По окончании четвертого акта, ожидая, после зимнего успеха, похвал автора, мы вдруг видим: Чехов, мягкий, деликатный Чехов, идет на сцену с часами в руках, бледный, серьезный, и очень решительно говорит, что все очень хорошо, но "пьесу мою я прошу кончать третьим актом, четвертый акт не позволю играть…". Он был со многим не согласен, главное с темпом, очень волновался и уверял, что этот акт не из его пьесы. И правда, у нас что-то не ладилось в этот раз. Владимир Иванович и Константин Сергеевич долго успокаивали его, доказывая, что причина неудачной нашей игры в том, что мы давно не играли (весь пост), а все актеры настолько зеленые, что потерялись среди чужой, неуютной обстановки мрачного театра. Конечно, впоследствии забылось это впечатление, все поправилось, но всегда вспоминался этот случай, когда так решительно и необычно для него протестовал Чехов, когда ему было что-то действительно не по душе.

Была радостная, чудесная весна, полная волнующих переживаний: создание нового нашего театра, итоги первого сезона, успех и неуспех некоторых постановок, необычайная наша сплоченность и общее волнение и трепет за каждый спектакль; большой, исключительный успех "Чайки", знакомство с Чеховым, радостное сознание, что у нас есть "свой", близкий нам автор, которого мы нежно любили, — все это радостно волновало и наполняло наши души. Снимались с автором — группа участвующих в "Чайке" и в середине Чехов, якобы читающий пьесу. Уже говорили о постановке "Дяди Вани" в будущем сезоне. …

… В сезон 1899/900 года мы играли "Дядю Ваню".

С "Дядей Ваней" не так было благополучно. Первое представление похоже было почти на неуспех. В чем же причина? Думаю, что в нас. Играть пьесы Чехова очень трудно: мало быть хорошим актером и с мастерством играть свою роль. Надо любить, чувствовать Чехова, надо уметь проникнуться всей атмосферой данной полосы жизни, а главное — надо любить человека, как любил его Чехов, и жить жизнью его людей.
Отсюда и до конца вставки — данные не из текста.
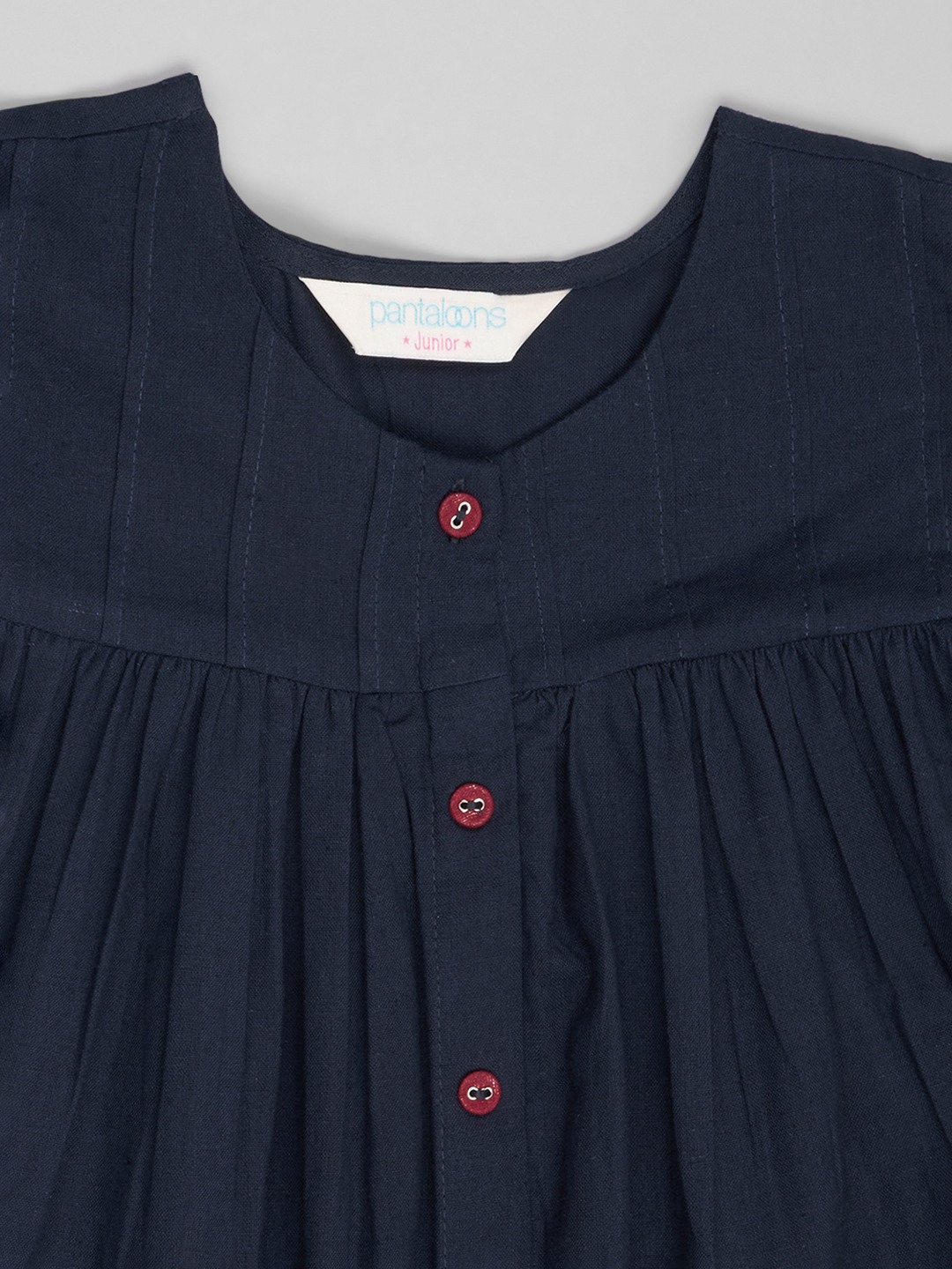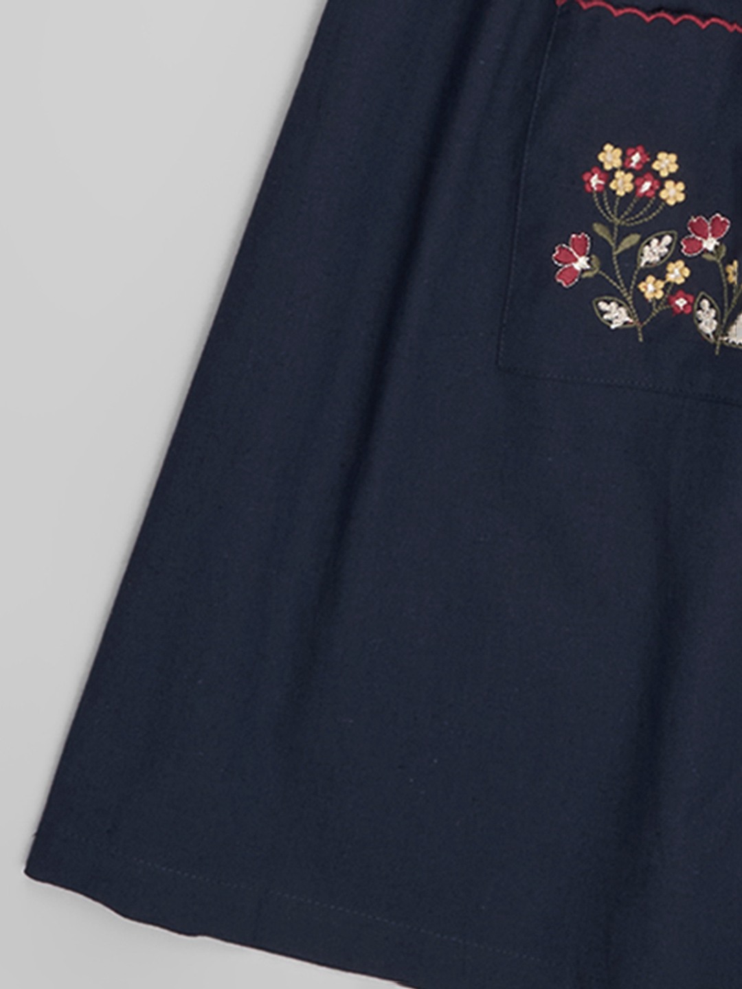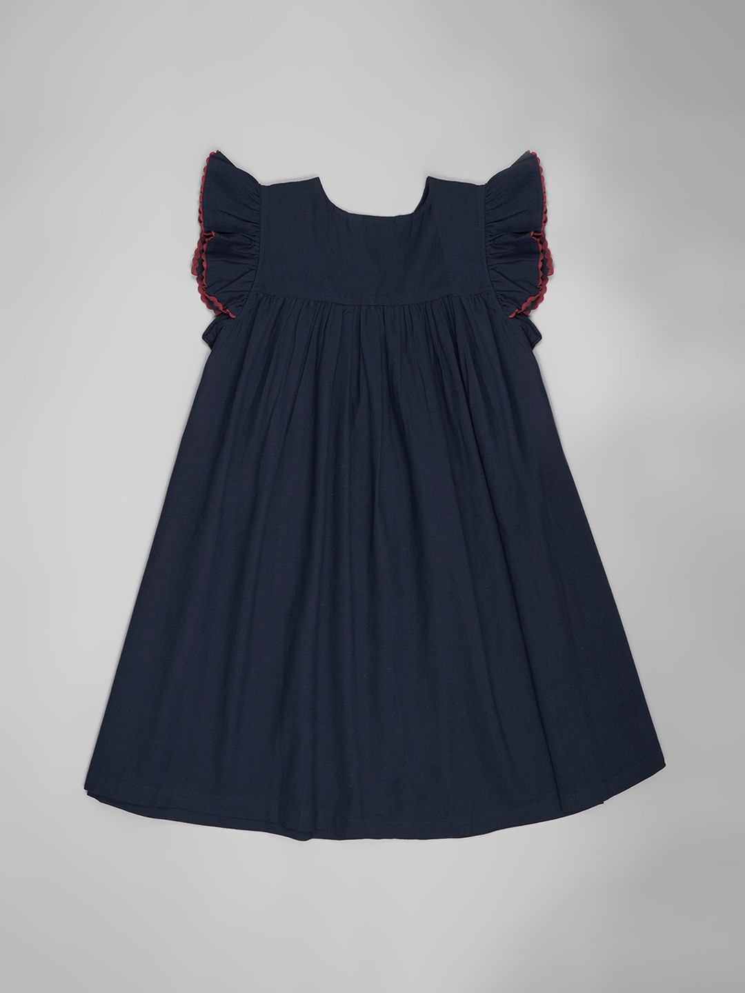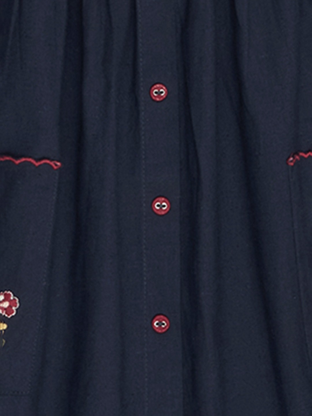 Classic charm meets playful detailing in this thoughtfully designed sleeveless dress. Featuring soft gathers through the body, it is finished with contrast buttons down the front, ruffled shoulder trims with contrast edging, and embroidered pocket accents that add a cheerful focal point. The lightweight woven fabric ensures ease of movement while keeping the silhouette comfortable and airy.

А найдешь то живое, вечное, что есть у Чехова, — сколько ни играй потом образ, он никогда не потеряет аромата, всегда будешь находить что-то новое, неиспользованное в нем.

В "Дяде Ване" не все мы сразу овладели образами, но чем дальше, тем сильнее и глубже вживались в суть пьесы, и "Дядя Ваня" на многие-многие годы сделался любимой пьесой нашего репертуара. Вообще пьесы Чехова не вызывали сразу шумного восторга, но медленно, шаг за шагом, внедрялись глубоко и прочно в души актеров и зрителей и обволакивали сердца своим обаянием. Случалось не играть некоторые пьесы несколько лет, но при возобновлении никогда у нас, артистов и режиссеров, не было такого отношения: ах, опять старое возобновлять! К каждому возобновлению приступали мы с радостью, репетировали пьесу, как новую, и находили в ней все новое и новое…

В конце марта труппа Художественного театра решила приехать в Крым с пьесами "Чайка", "Дядя Ваня", "Одинокие" и "Гедда Габлер".

Я приехала еще на страстной с Марией Павловной, и как казалось уютно и тепло в этом новом доме, который летом только еще строился и был нежилым… Все интересовало, каждый пустяк; Антон Павлович любил ходить, и показывать, и рассказывать, чего еще нет и что должно быть со временем; и, главное, занимал его сад, фруктовые посадки…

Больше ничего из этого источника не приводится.